(To do) Copy nothing past the line containing "German Premium Imported". Transcribe every line of the listing below up to and including it, from the first, except pictures.

(Material for the task)
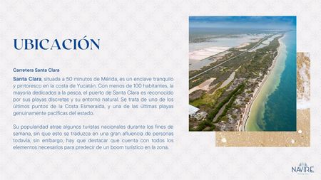 Nestled in the tranquil fishing harbor of Santa Clara, a mere 50-minute drive from the vibrant city of Merida, NAVIRE presents an exceptional opportunity to own a piece of the pristine Yucatan Caribbean coastline. This exclusive beachfront development features 400 residential and commercial lots, each promising a unique blend of serenity, natural beauty, and investment potential along the sought-after Caribbean shores of Yucatan.
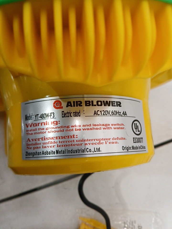 Bounce House Air Blower - 480W - yellow/green (MODEL: yt-480w-f3)
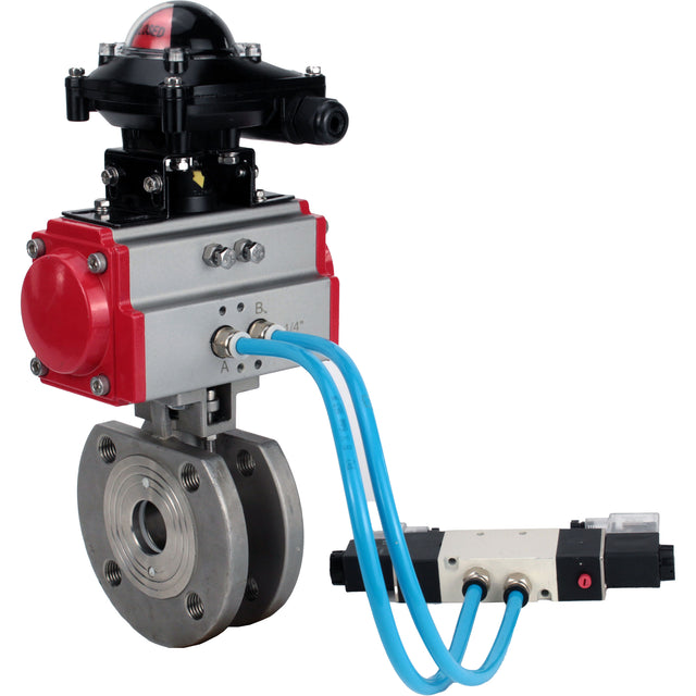 Vannes à boisseau sphérique Elephant BV3232P-FP-Fb-ISO-H 16 bar, passage intégral entre brides, acier inoxydable SS316, joint - PTFE, avec actionneur pneumatique double effet PA-DA, avec distributeur pneumatique 4V320-08 220V, avec BKV APL-210N
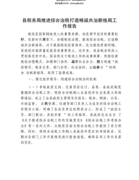 【七哥公文】2025年:【七哥公文】县税务局推进综合治税打造精诚共治新格局工作报告+更多免费公文+VX:QiGeGongWen2024+更多免费公文+VX:QiGeGongWen2024
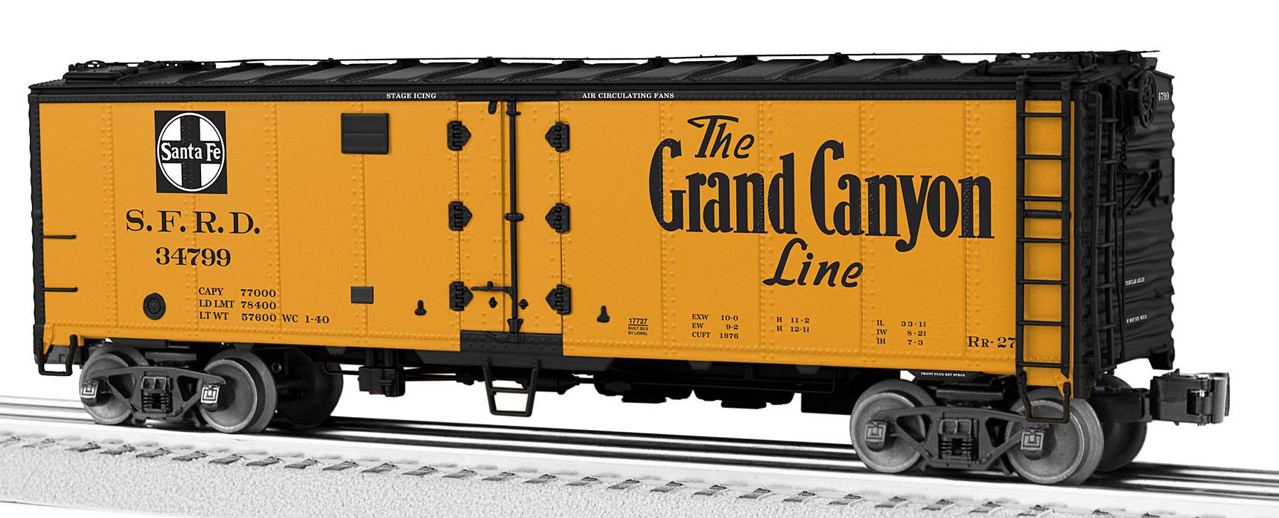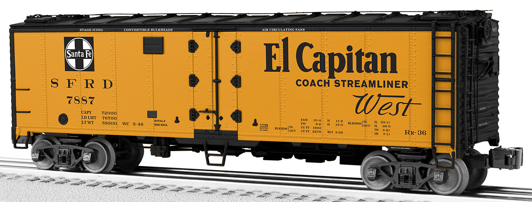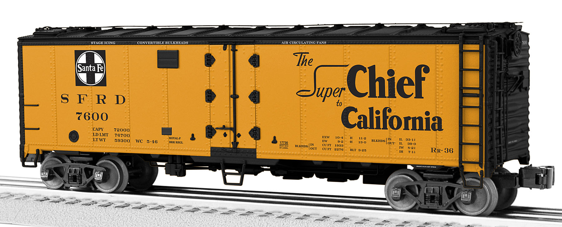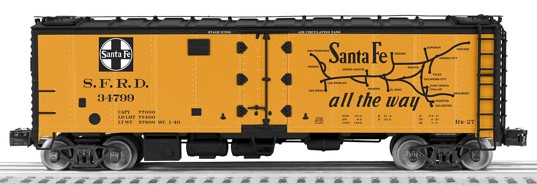 MAP & SLOGAN REFRIGERATOR CARSBeginning in 1940, the Santa Fe Railroad initiated a new series of promotional decoration on their fleet of steel-sided refrigerator cars. One of five ATSF passenger line slogans – Grand Canyon Line, Scout, El Capitan, Super Chief, and Chief – was featured on a single side of each car. On the opposite side of each reefer, a large Santa Fe system map was boldly applied.
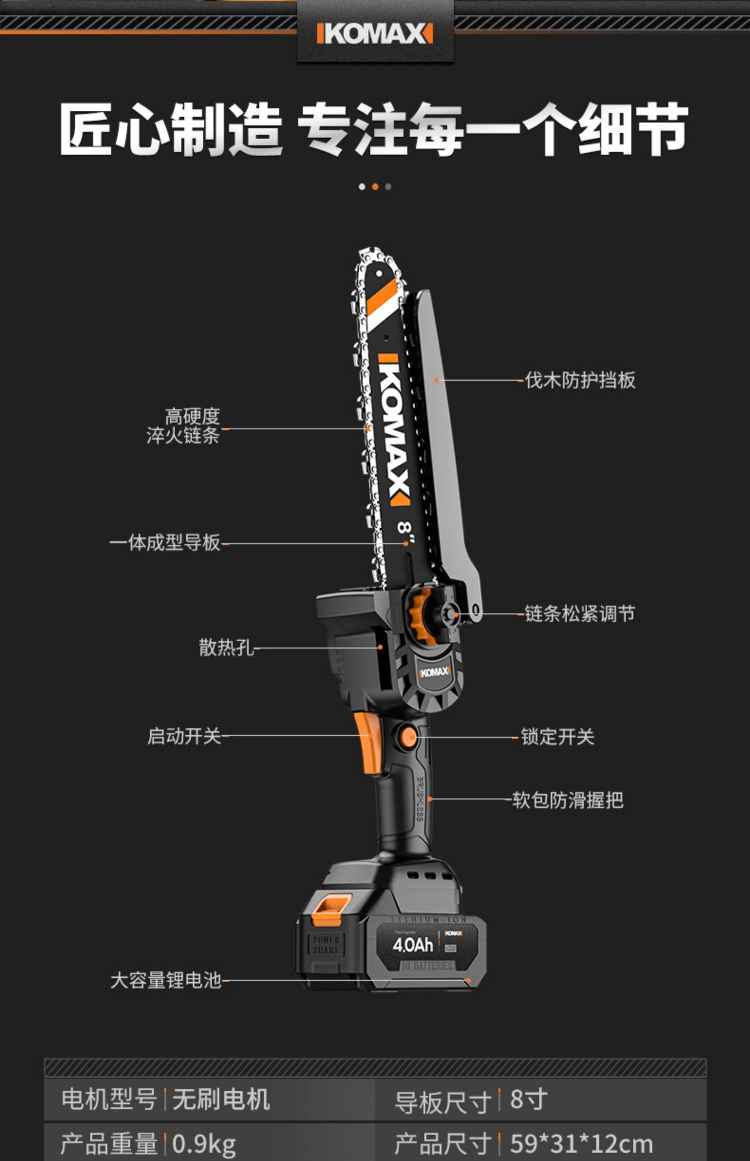 German Premium Imported Brushless Electric Chainsaw, Small Handheld Rechargeable Lithium Battery Logging Saw, Electric Chain Saw
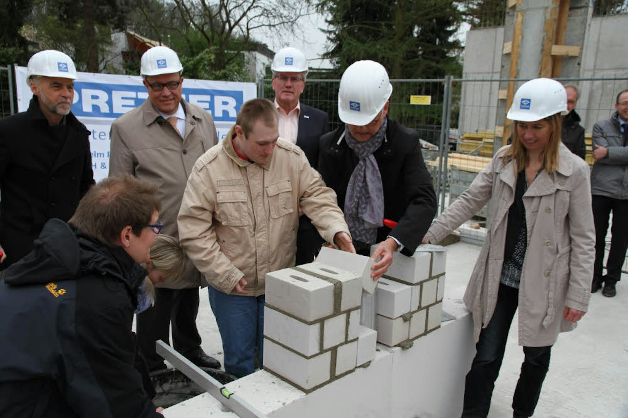 Grundsteinlegung mit Architekt Wilhelm Schulte (hinten links), Dr. Theodor-Michael Lucas, Josefs-Gesellschaft, dem künftigen Bewohner Peter Gedanitz, Landrat Sebastian Schuster, Bürgermeister Franz Huhn und Heimleiterin Sonja Boddenberg.
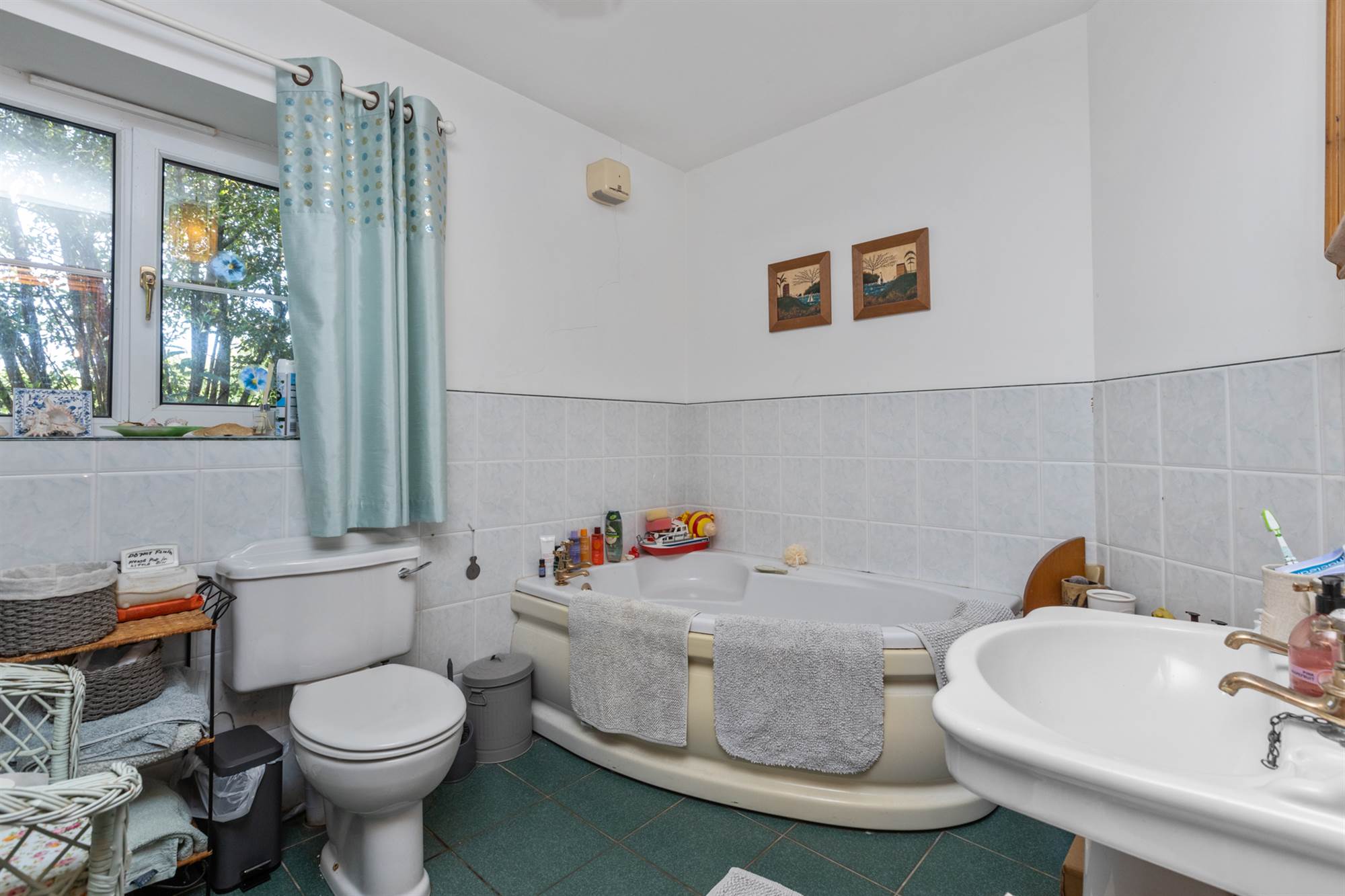 White suite comprising: Panelled corner bath, separate fully tiled shower cubicle with Mira thermostatically controlled shower unit, pedestal wash hand basin, low flush WC, wall tiling, ceramic tiled floor, extractor fan.
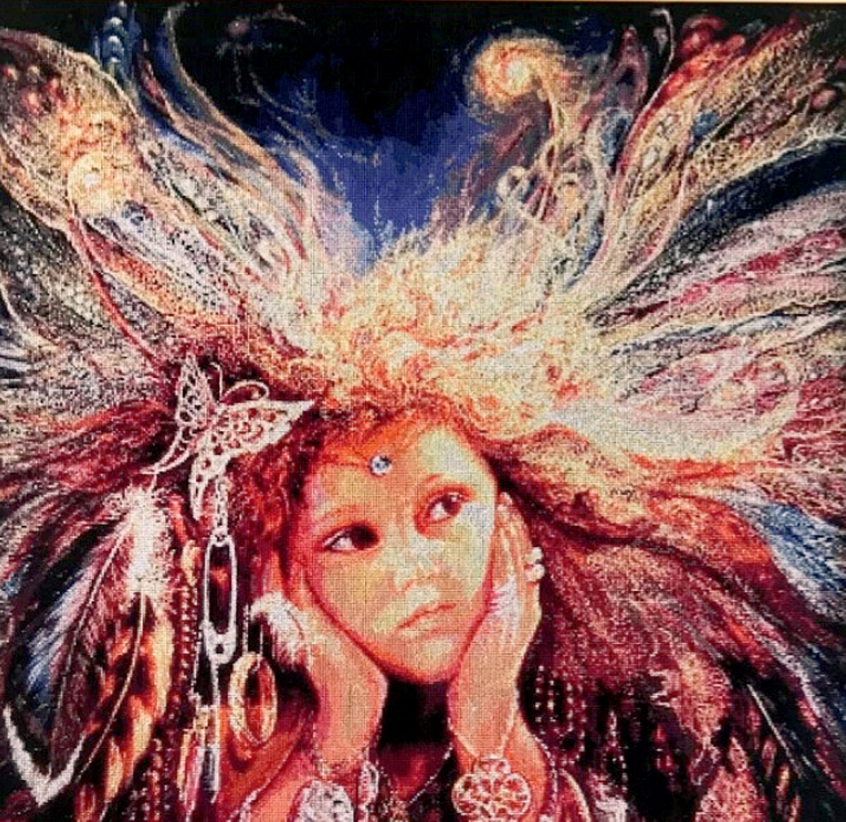 Да, кто то за такие деньги покупает квартиры, машины, дачи! А кто то может позволить себе купить картину, чтобы разбавить интерьер. Но! Я хочу поговорить с вами не только о стоимости представленных картин, а о деталях вышивки, которые уверена будут интересны вам не меньше! Итак, начну с того, что представленные в статье картины результат кропотливой ежедневной работы одной рукодельницы Оксаны из Украины. Как я поняла по вышитым сюжетам, Оксана предпочитает вышивать фантазийные дизайны. Чаще всего на картинах рукодельницы можно встретить образ женщин. Схемы для вышивки были разработаны по мотивам картин, написанных в стиле современного сюрреализма, знаменитой британской художницей Жозефиной Уолл. Стыдно признаться, о творчестве художницы я узнала именно когда познакомилась с вышивками рукодельницы. Картина под названием "Цветок из мыльных пузырей" (надеюсь перевела правильно🙄) оценена рукодельницей в 27 070.00$. Лично для меня это целое состояние. Но! Размер готовой вышивки без рамки

(Your solution)
 Nestled in the tranquil fishing harbor of Santa Clara, a mere 50-minute drive from the vibrant city of Merida, NAVIRE presents an exceptional opportunity to own a piece of the pristine Yucatan Caribbean coastline. This exclusive beachfront development features 400 residential and commercial lots, each promising a unique blend of serenity, natural beauty, and investment potential along the sought-after Caribbean shores of Yucatan.
 Bounce House Air Blower - 480W - yellow/green (MODEL: yt-480w-f3)
 Vannes à boisseau sphérique Elephant BV3232P-FP-Fb-ISO-H 16 bar, passage intégral entre brides, acier inoxydable SS316, joint - PTFE, avec actionneur pneumatique double effet PA-DA, avec distributeur pneumatique 4V320-08 220V, avec BKV APL-210N
 【七哥公文】2025年:【七哥公文】县税务局推进综合治税打造精诚共治新格局工作报告+更多免费公文+VX:QiGeGongWen2024+更多免费公文+VX:QiGeGongWen2024
 MAP & SLOGAN REFRIGERATOR CARSBeginning in 1940, the Santa Fe Railroad initiated a new series of promotional decoration on their fleet of steel-sided refrigerator cars. One of five ATSF passenger line slogans – Grand Canyon Line, Scout, El Capitan, Super Chief, and Chief – was featured on a single side of each car. On the opposite side of each reefer, a large Santa Fe system map was boldly applied.
 German Premium Imported Brushless Electric Chainsaw, Small Handheld Rechargeable Lithium Battery Logging Saw, Electric Chain Saw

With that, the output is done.